Film franco-danois de Rémi Chayé (2019), avec les voix de Salomé Boulven, Alexandra Lamy, Alexis Tomassian… 1h22. Sortie le 14 octobre 2020.
De Calamity Jane, on sait qu’elle a compté parmi les figures les plus emblématiques de la Conquête de l’Ouest, qu’elle a écrit des “Lettres à sa fille” qui constituent un témoignage capital sur son époque et qu’elle a elle-même substitué sa propre légende à la réalité historique dans le fameux spectacle du “Wild West Show”, à l’occasion duquel elle distribue au public un fascicule autobiographique qui nourrira sa légende. Rémi Chayé a décidé de s’attaquer aux années d’apprentissage de Martha Jane Cannary en laissant vagabonder son imagination, tout en respectant les grandes lignes de la vérité historique. Le réalisateur délicat de Tout en haut du monde (2015) met en scène une gamine effrontée qui tient le rôle de sa mère morte auprès de son père et de ses frères et sœurs, dresse les chevaux et part à la chasse avec les adultes. Bref, une gamine rapidement montée en graine qui devient précocement adulte et préfigure la femme d’exception qu’elle deviendra dans ce monde terriblement machiste. Comme le précise clairement son titre, c’est “une” enfance de Martha Jane Cannary qui inspire ce film, pas “son” enfance.

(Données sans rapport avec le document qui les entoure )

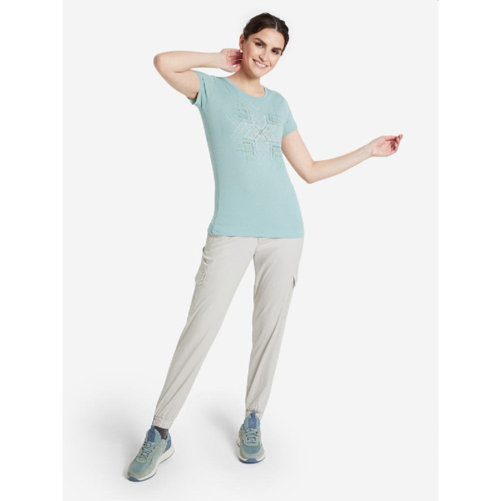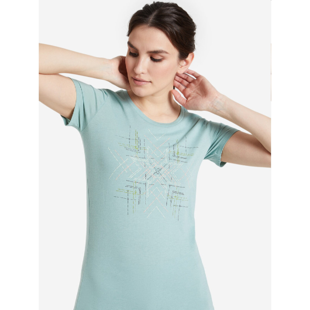Футболка, виготовлена з тканини з високим вмістом бавовни. Особливості: приталений крій, короткий рукав.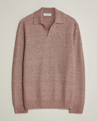 Linen/Cotton Open Collar Knitted Polo Rust Melange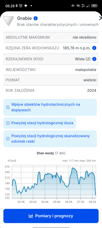 PePe. Opublikowano 8 Czerwca Zgłoś Udostępnij Opublikowano 8 Czerwca Koło południa na Grabiu będzie znowu ponad 200cm i tak w kółko, człowiek nie wie gdzie jechać na ryby i jaki stan wody zastania bo wahania 80-90 cm zmienia mety diametralnie Cytuj Odnośnik do komentarza Udostępnij na innych stronach Więcej opcji udostępniania...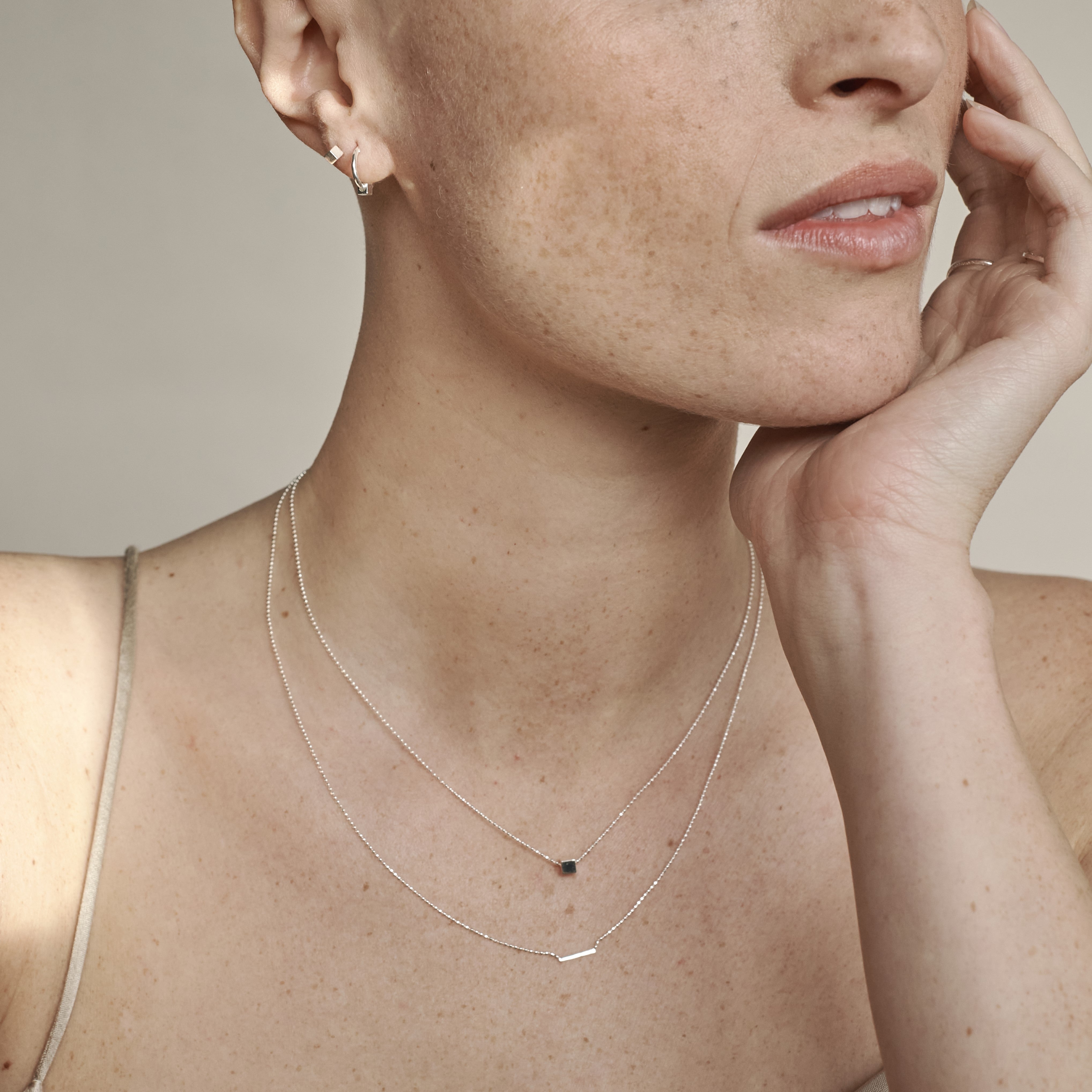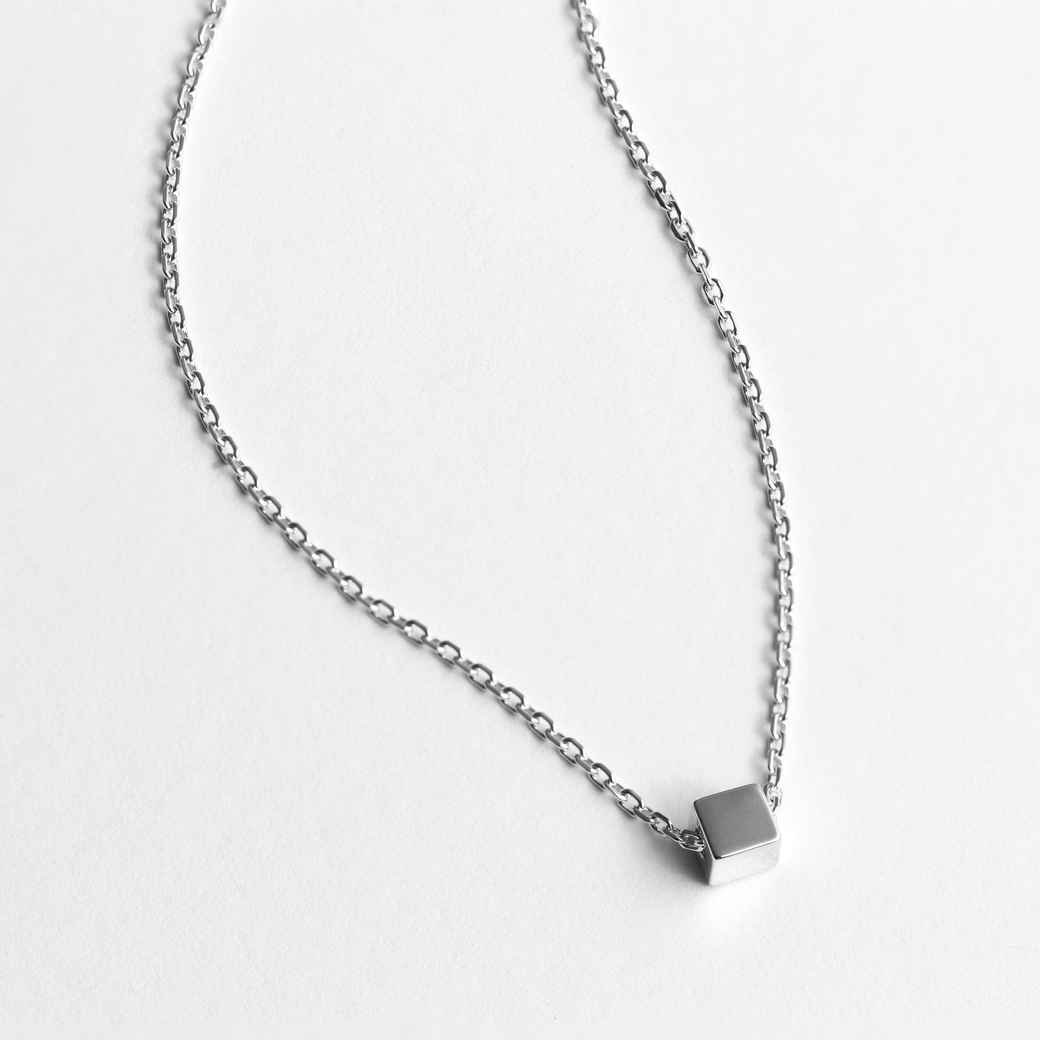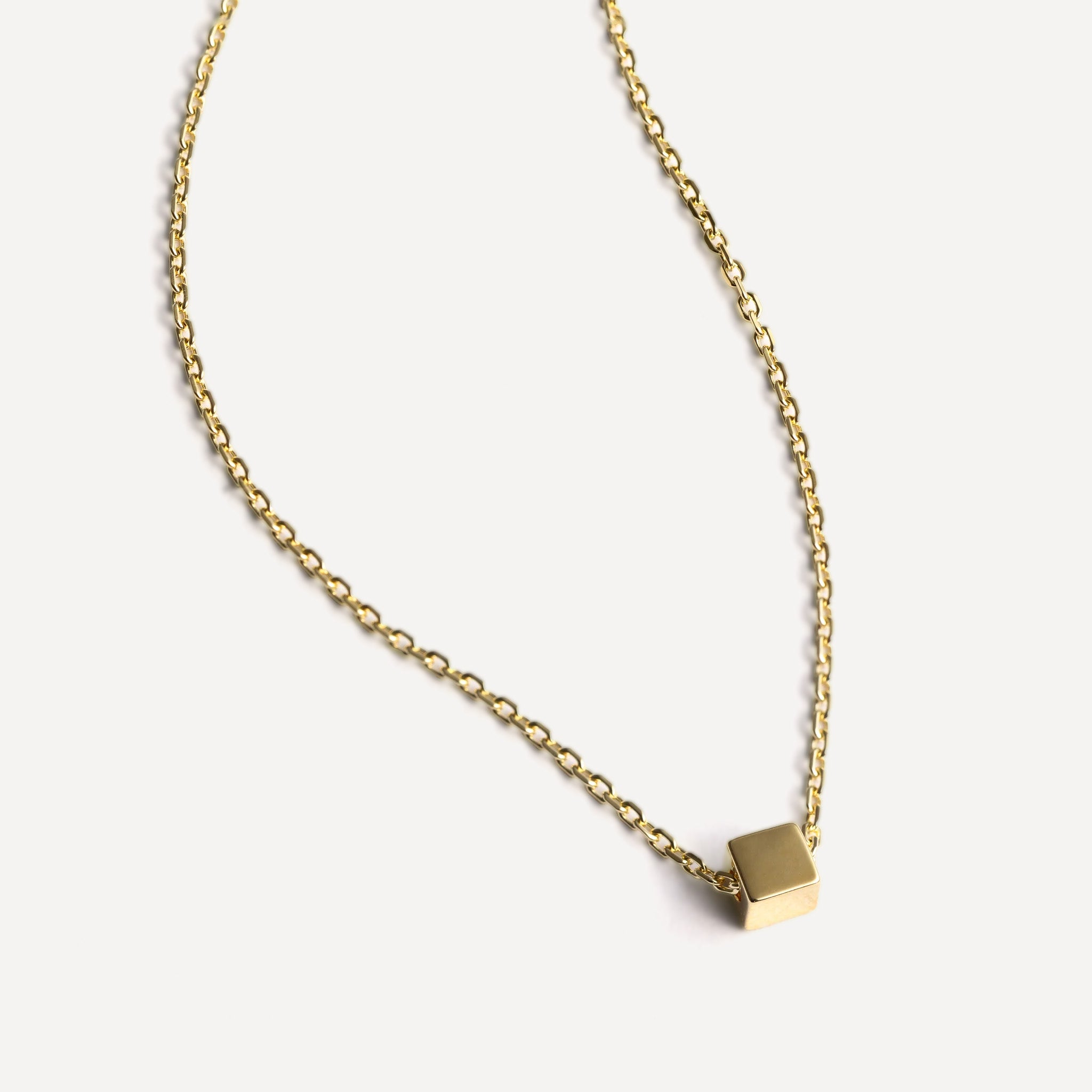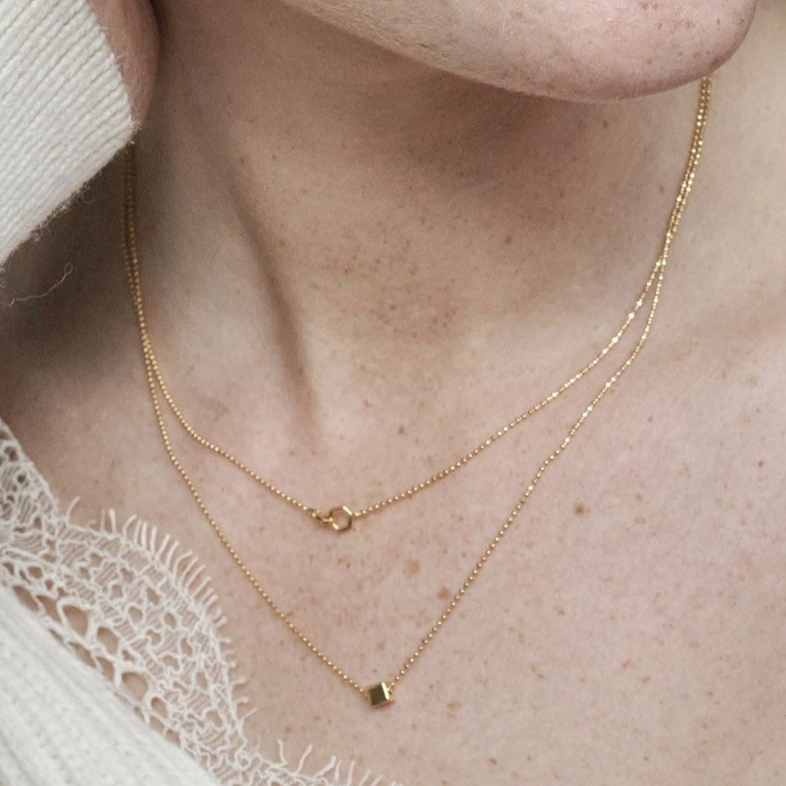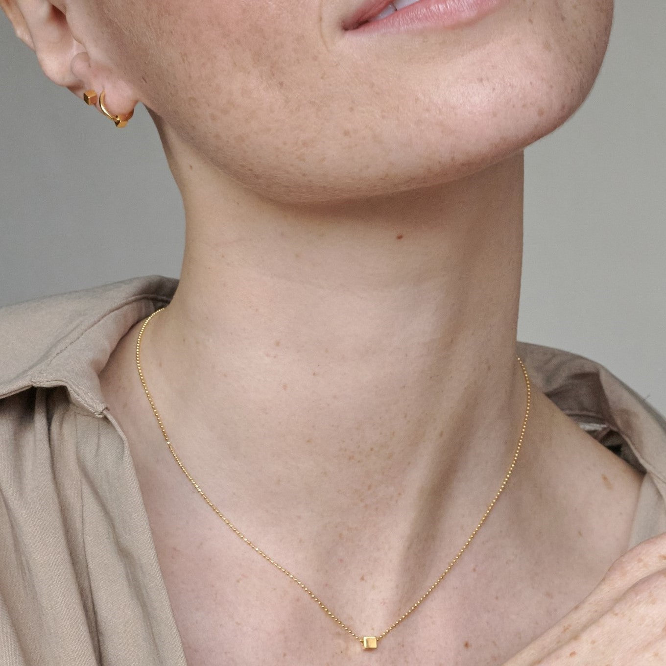 This tiny cube charm is threaded on a twinkling ball chain and is crafted in recycled sterling silver and coated in 18ct gold.

C’est en utilisant un délicat camaïeu d’aplats aux couleurs chaudes et douces que Chayé traite cette chronique d’apprentissage qui lui offre l’occasion de signer un authentique western “made in France”, très éloigné des parodies inspirées par les aventures de Lucky Luke, par exemple. Il trouve par ailleurs en Calamity Jane une authentique pionnière du féminisme -ce qu’elle était vraiment- qu’il s’amuse à dépeindre comme une ado à la langue bien pendue et au caractère bien trempé qui tient tête aux hommes, à commencer par son père à qui la lie un complexe d’Œdipe dépourvu de sous-entendus. C’est l’une des grandes réussites de ce récit initiatique dont la modernité ne relève pas de l’anachronisme, mais d’une détermination à mettre en scène une jeune fille obligée de sa batterie pour s’imposer dans un Nouveau Monde sous l’hégémonie des hommes. Lauréat du prestigieux Cristal au dernier festival d’Annecy, Calamity est une réussite qui fait une nouvelle fois honneur à une école française d’animation qui n’a décidément pas fini de nous surprendre.
Jean-Philippe Guerand
À signaler que ce beau film fait simultanément l'objet d'un Artbook richement illustré dont les textes ont été rédigés par notre amie Caroline Vié : “The Art of Calamity, une enfance de Martha Jane Cannary”, Éditions Granovsky, 19,95€.